Two University of Hawaiʻi Community College students and their advisor spent more than a week at the NASA Wallops Flight Facility in Virginia to prepare their scientific payload for a space launch in August. They are part of a team of Project Imua Mission 10 students who have been collaborating on this project for months.

student working on equipment
Honolulu CC student D’Elle Martin downloads data following payload testing.

Windward CC students designed and built a small, light-weight rocket that will convert camphor to gas to propel its release into space at the peak of the NASA rocket’s flight. The Honolulu CC team designed a camera system and inertial measurement devices to monitor the motion of the small experimental rocket. The entire payload is less than a foot long, weighs less than 15 pounds and is almost entirely encased in aluminum.

Students trouble-shoot payload

After the payload failed an initial power test, Windward CC student Nikki Arakawa, the rocket team lead, had to rewire the interface and power connections.
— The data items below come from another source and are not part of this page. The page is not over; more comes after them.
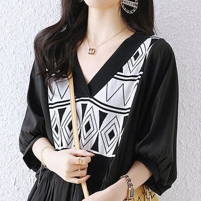 チュニック 半袖 ブラウス 夏 半袖シャツ レディース シャツ シャツブラウス トップス レイヤード風 シフォン ブラウス 大きいサイズ 白 黒 vネック tシャツ 柄 総柄 きれいめ おしゃれ ゆ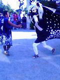 勧進代の太鼓のバチは他の神社と違って桐材なんですね。大抵、ほうの木で作られているんですが。ほうの木よりずっと軽く、やや太めで若干短い撥なんです。最初は、それがなんとも叩きずらい!川西や今泉、豊田ではちょっと長めのバチを使ってスナップを効かせて叩きますが、そのつもりで叩くと戸惑います。勧進代の方々は手首を柔らかく、腕の振りを利かせ打つんです。バチが太鼓にあたる瞬間に力を入れないと音が出ないんです。こちらの笛太鼓は鳴り物といって、他と違って節々にピッピッと音を高く鳴らす独特の笛で、かなり高度な技術、年季を要する吹き方のようです。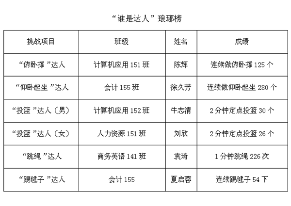 经过前期预热,活动得到全院同学的广泛关注及踊跃参与,活动现场人头攒动,加油声,欢呼声此起彼伏,选手们不断追求更快,更强的体育精神感染了现场所有同学,运动达人们骄人的成绩更是让现场小伙伴们都惊呆了,经过激烈角逐,计算机应用151班陈辉,会计155班徐久芳等6名同学获得运动达人称号 雷火竞技官网。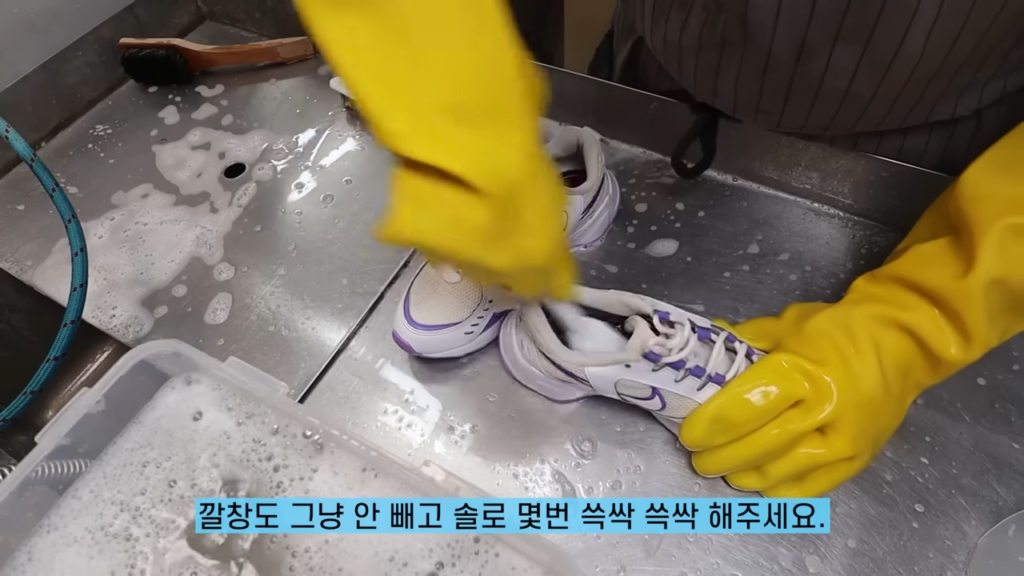 깔창도 빼지 않고 솔로 몇 번 닦아주세요.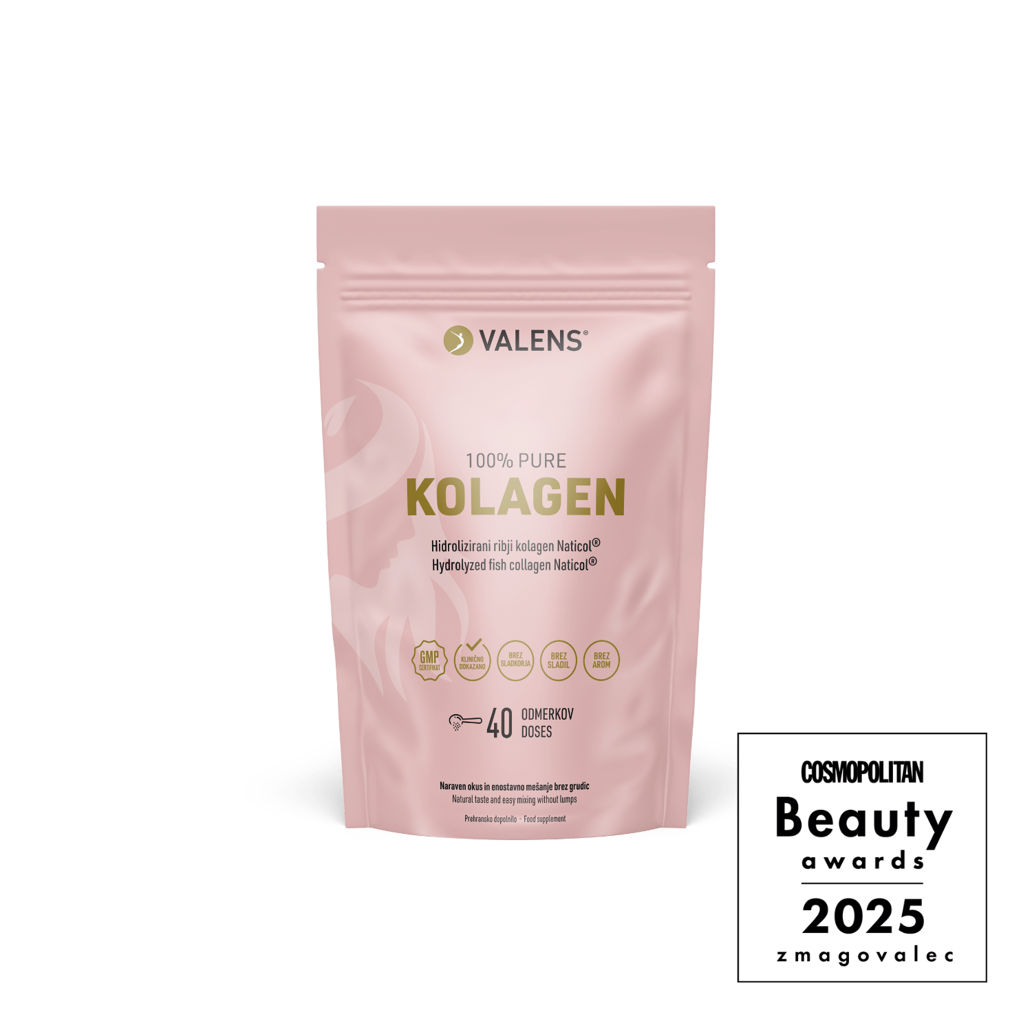 Kolagen je v telesu najbolj pogosta beljakovina, ki je prisotna v koži in vezivnem tkivu. Naše telo ga proizvaja samo, vendar začne “notranja proizvodnja” po 20. letu upadati – sprva malo manj opazno, z leti pa vedno hitreje, po 40. letu že kar za 1 % na leto. Upadanje ravni kolagena v telesu se navzven kaže predvsem na koži. Nekaj kolagena lahko v telo vnesemo z uživanjem živalske kože, vezi ali kosti, lahko pa ga uživamo v obliki kakovostnih prehranskih dopolnil, kot je Valens Kolagen, ki vsebuje dovolj visoke količine hidroliziranega kolagena.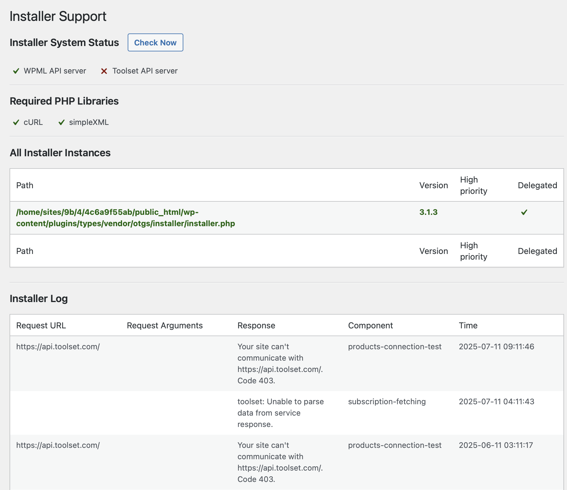 Also, a few of my other sites will not update any of the Toolset plugins and I get a "Update failed: undefined" message, and on inspection cannot communicate with the Toolset API server.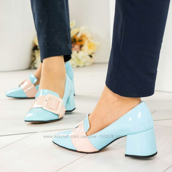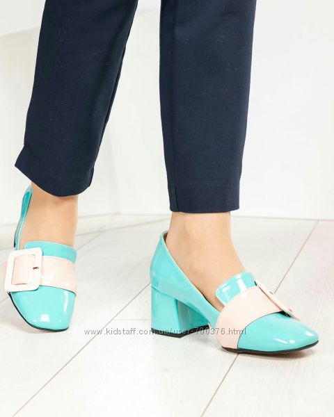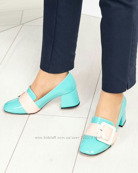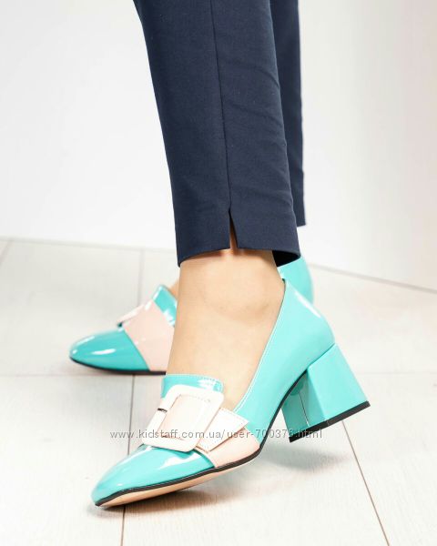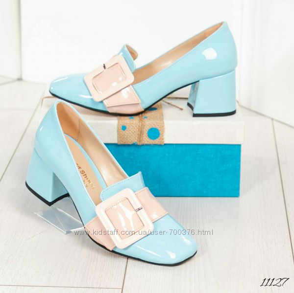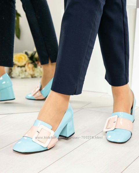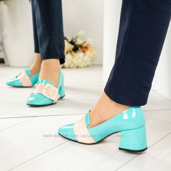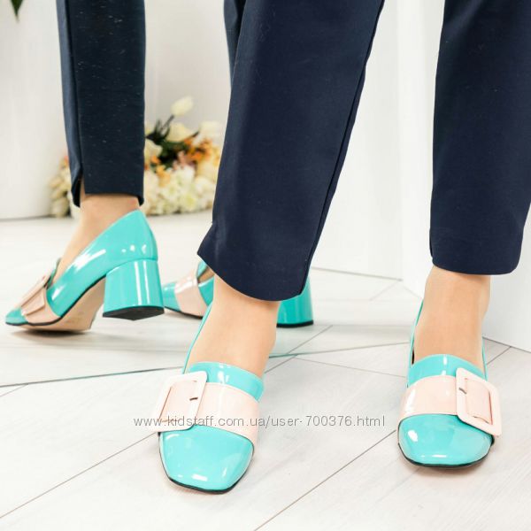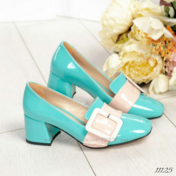 Туфли лаковые, с пряжкой, бирюза и голубые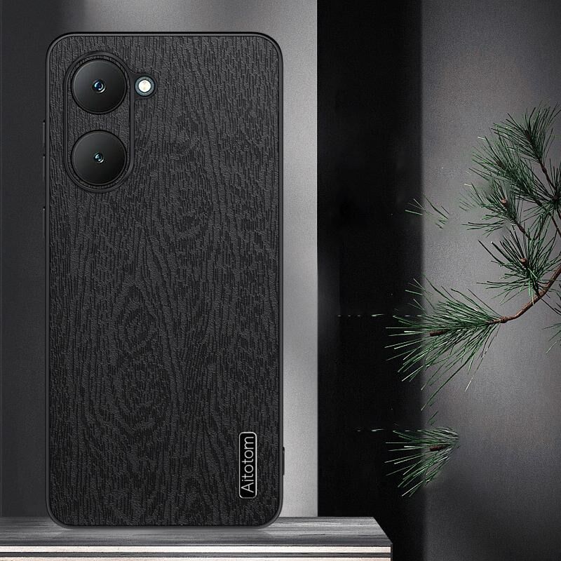 Για το vivo Y36T Tree Bark δερμάτινη θήκη τηλεφώνου με αντικραδασμική προστασία (Μαύρο)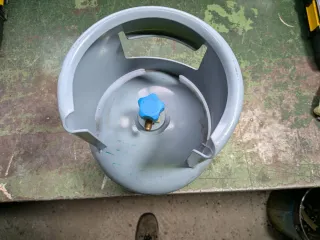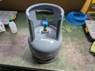 Botella vacía de aire acondicionado con capacidad de 6kg. Ideal para recargas o proyectos. - Fabricada en metal resistente. - Válvula de plástico azul.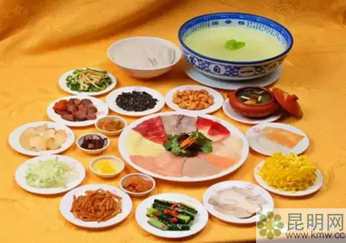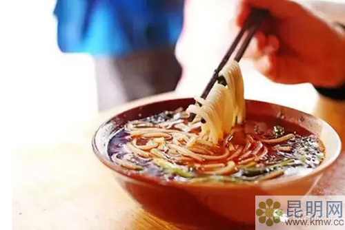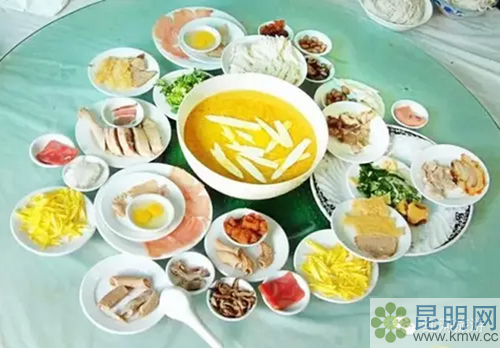 進餐時,以大"海參碗"盛湯,加味精、胡菽、熟雞油。湯滾油厚,不冒一絲熱氣。湯上桌后,將鴿蛋磕入碗內,繼而將肉片氽入湯中,輕輕一攪,霎時變得雪白、細嫩。然后再放入鮮菜、米線,配上辣椒油、芝麻油等,便可食用。米線品種甚多,吃法多樣,既可熱吃,也可涼吃,可葷可素,豐儉由人。
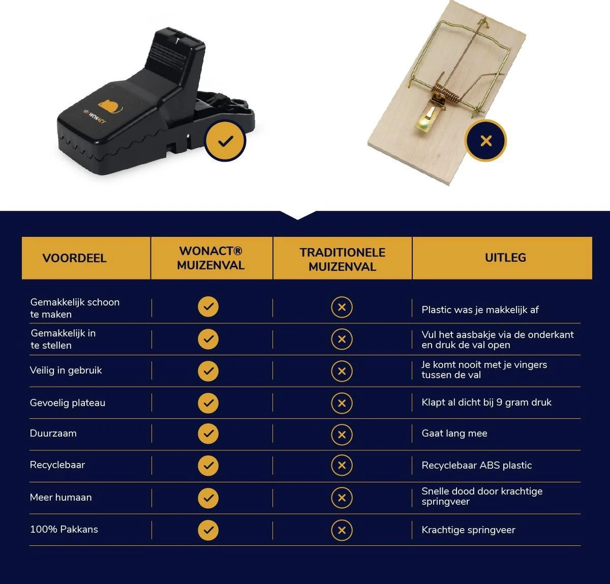 Zelf muizen of kleine ratten bestrijden? Met de Wonact muizenval ben je gegarandeerd snel en voordelig van je probleem af. Het werkt eenvoudig: je vult de aasbakjes, plaatst het gewenste aantal vallen en klapt ze open. De combinatie van het gevoelige plateau en de krachtige springveer zorgt ervoor dat de muizen en ratten op slag dood zijn. Bovendien is deze muizenval duurzaam én recyclebaar. Met een pakkans van maar liefst 100% is de Wonact muizenval de beste keuze voor snelle en efficiënte ongediertebestrijding.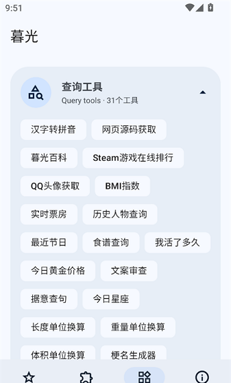 暮光工具箱是一款功能强大、专业实用的手机综合性工具箱软件,软件不仅采用了纯净无广告的操作界面而且更是加入了合理的功能布局,相关用户在这里只需动动手指便可以在这里进行壁纸资源设置、系统垃圾清理、源码获取、百科查询、视频解析等一系列操作,这样一来就能够很好的满足了相关用户日常工作、学习方面的需求。软件还采用了非常小的存储空间,用户完全不用担心运行卡顿之类的问题。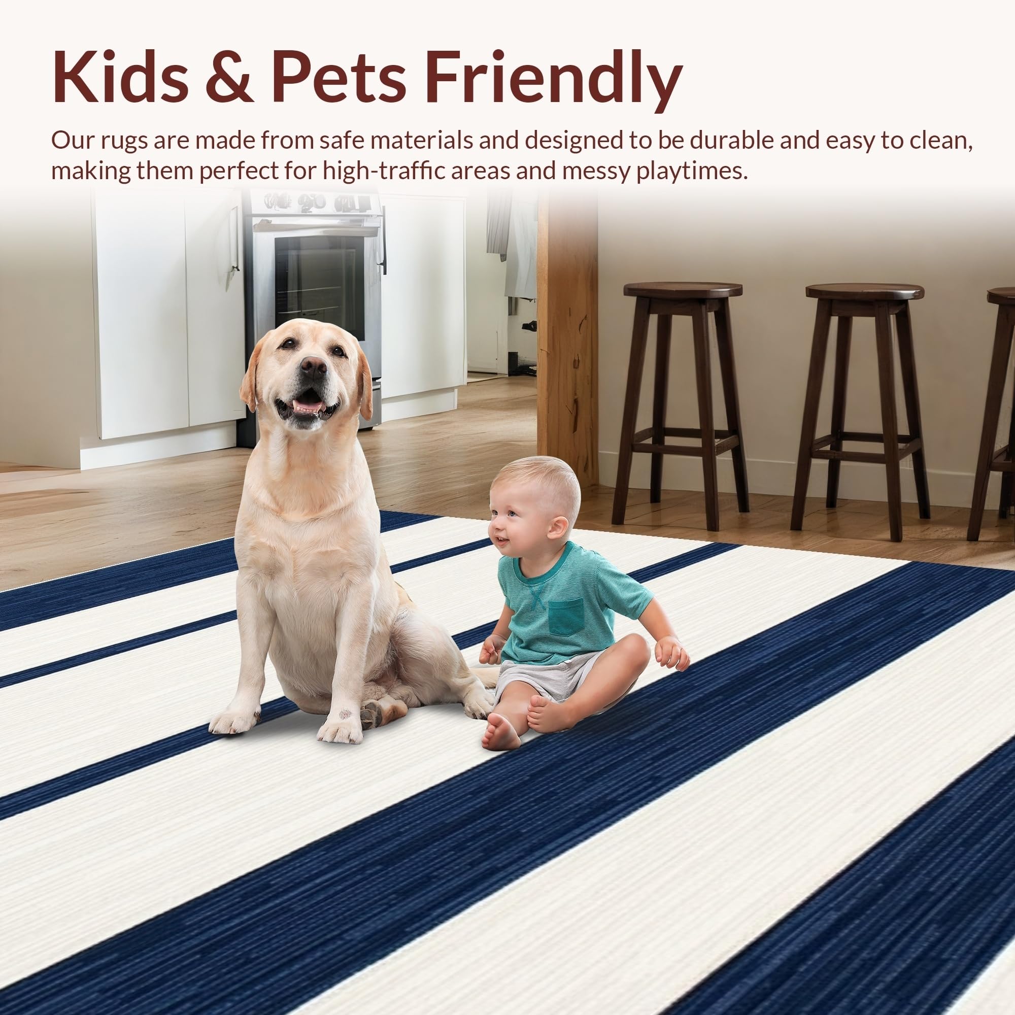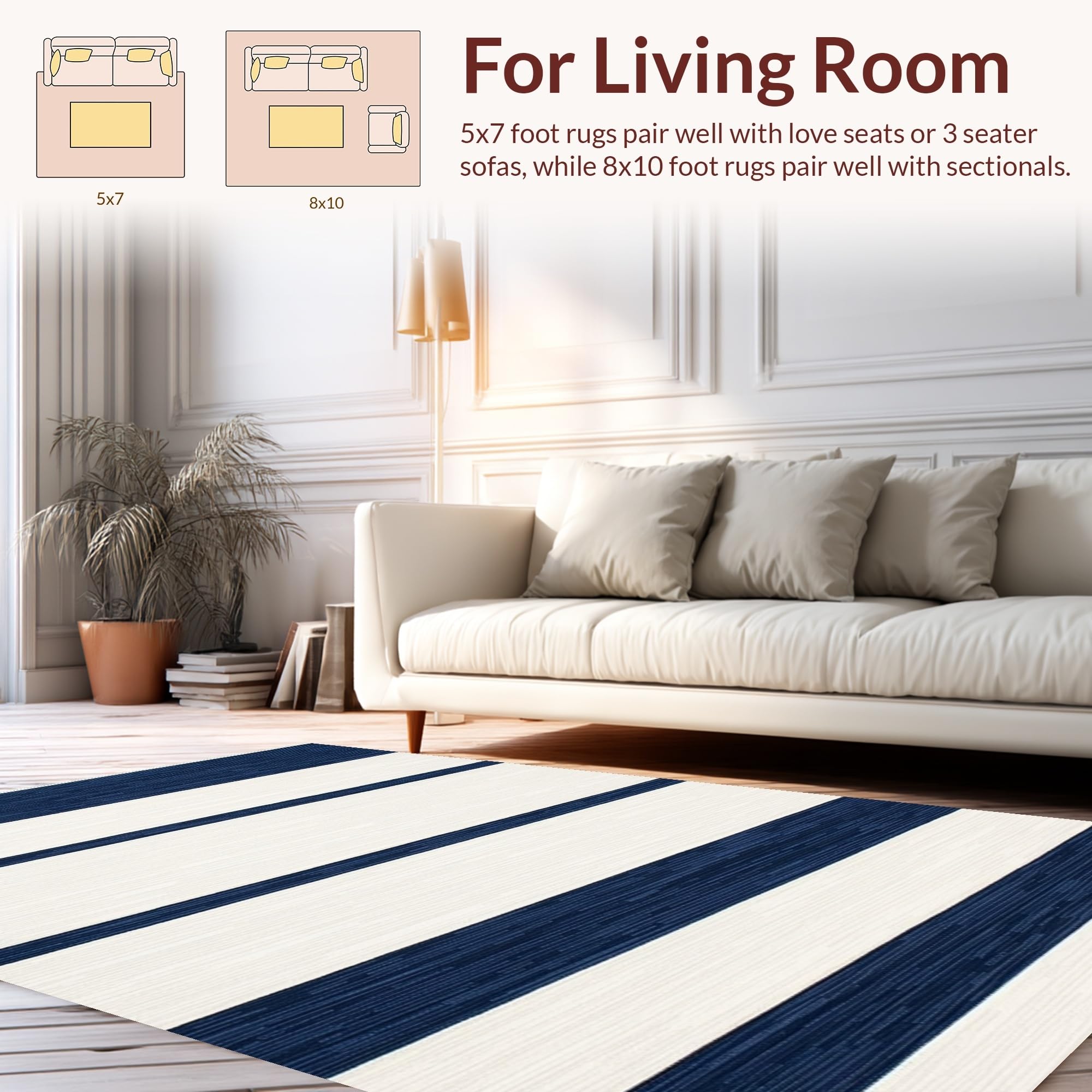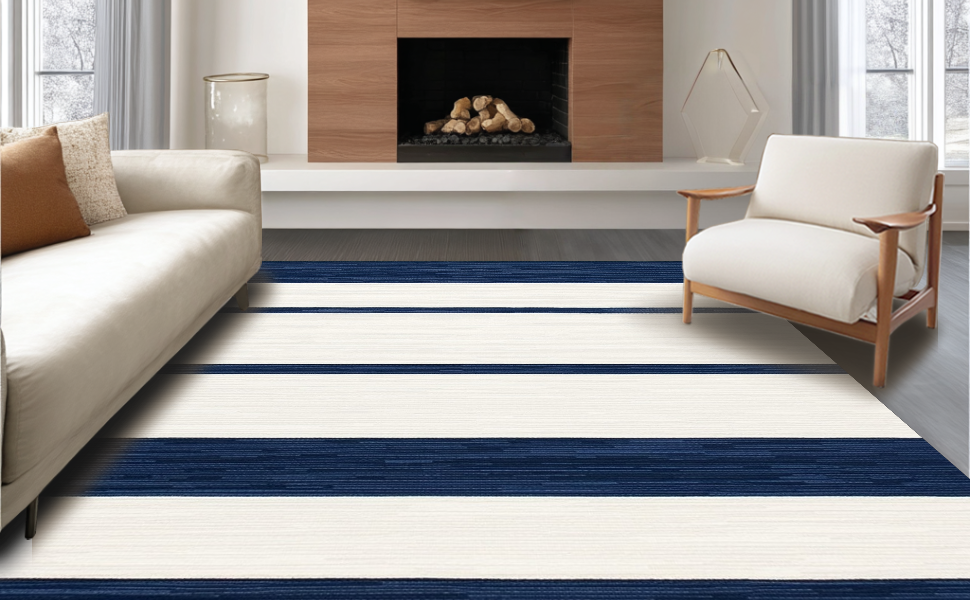 Ultra Soft Area Rug, Non Slip, Stain Resistant, Washable Area Rugs for Living Room, Bedroom, Dynamic Coastal Striped Serenity(Blue) Overview: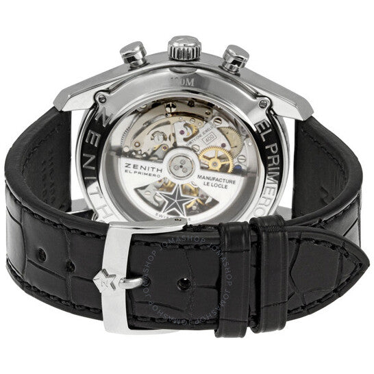 Stainless steel case with a black croco-embossed leather strap. Fixed stainless steel bezel. Silver sunray dial with silver-tone hands and index hour markers. Minute markers. Tachymeter scale around the outer rim. Luminescent hands and markers. Date display at the 6 o'clock position. Chronograph - three sub-dials displaying: 60 seconds, 30 minutes and 12 hours. Automatic mechanical movement. Scratch resistant sapphire crystal. Skeleton case back. Case diameter: 42 mm. Case thickness: 14 mm. Tang clasp. Water resistant at 100 meters / 330 feet. Functions: hours, minutes, small seconds, calendar, chronograph. Zenith El Primero Silver Chronograph Dial Men's Watch 03204040001C496.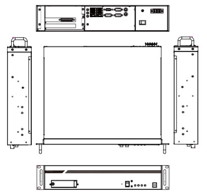 Winmate's IV7 rack server is designed as a flexible solution for a wide variety of industrial applications. The server is implemented in "2U" format where "U" refers to the 1.75-inch height of a "rack unit." A 2U module is therefore 3.75 inches tall. The diagram below shows the Winmate IV7T from the top and all four sides.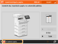 Varat mainīt ekrānu parādīšanas iestatījumus, piemēram, noteikt, kurš ekrāns tiek parādīts uzreiz pēc iekārtas ieslēgšanas, un vai tiek parādīts ziņojums par atlikušo papīra un tonera daudzumu. <Rādīt iestatījumus>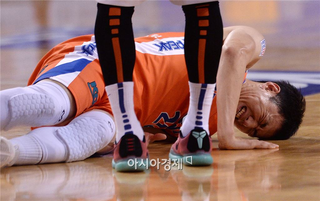 [인천=아시아경제 김현민 기자] 프로농구 인천 전자랜드와 부산 kt의 경기가 19일 인천 삼산월드체육관에서 열렸다. 전자랜드 정영삼이 코트에 쓰러져 왼쪽 무릎을 부여잡고 고통스러워하고 있다. 김현민 기자 kimhyun81@asiae.co.kr<ⓒ세계를 보는 창 경제를 보는 눈, 아시아경제(www.asiae.co.kr) 무단전재 배포금지>

Following another successful power test, Arakawa was able to turn the payload over to the Wallops integration team for placement in the rocket to be launched in August.

Arakawa, who graduated with her bachelor’s degree in electrical engineering from UH Mānoa in May 2022 and was recently part of an award-winning rocketry team, said she is now considering going to graduate school to study aerospace mechanical engineering.

3 people by rocket
D’Elle Martin, Jacob Hudson and Nikki Arakawa at NASA Wallops Flight Facility.

“I only just had a chance to start trying out all these things, and it just feels like—gosh I just wish I started this a lot earlier,” she said.

While at NASA, D’Elle Martin, the team lead for Honolulu CC, ran checks on the various systems, including the video capture units.

“What I realized throughout this project and through my previous project with Honolulu Community College—through both electronics programming and model rocketry—is that even though you might have a major that may not be necessarily towards engineering, you can still learn a lot about working in a team, but also different pathways to STEM careers,” Martin said.

The current UH Mānoa architecture student said the Project Imua experience has inspired her to consider the nascent specialization of space architecture.

Arakawa and Martin were accompanied by mentor Jacob Hudson from Windward CC. Mentor Shidong Kan, a Honolulu CC associate professor of physics, will escort four students to the NASA facility for final integration of the payload onto the rocket and launch, which is tentatively scheduled for August 9.

Mission 10 is funded through the Hawaiʻi Space Grant Consortium and represents the fourth time that a UH Project Imua payload will be launched into outer space.

The first Project Imua payload was launched from Wallops in 2015.

student working on equipment
Windward CC student Nikki Arakawa works on the Project Imua payload.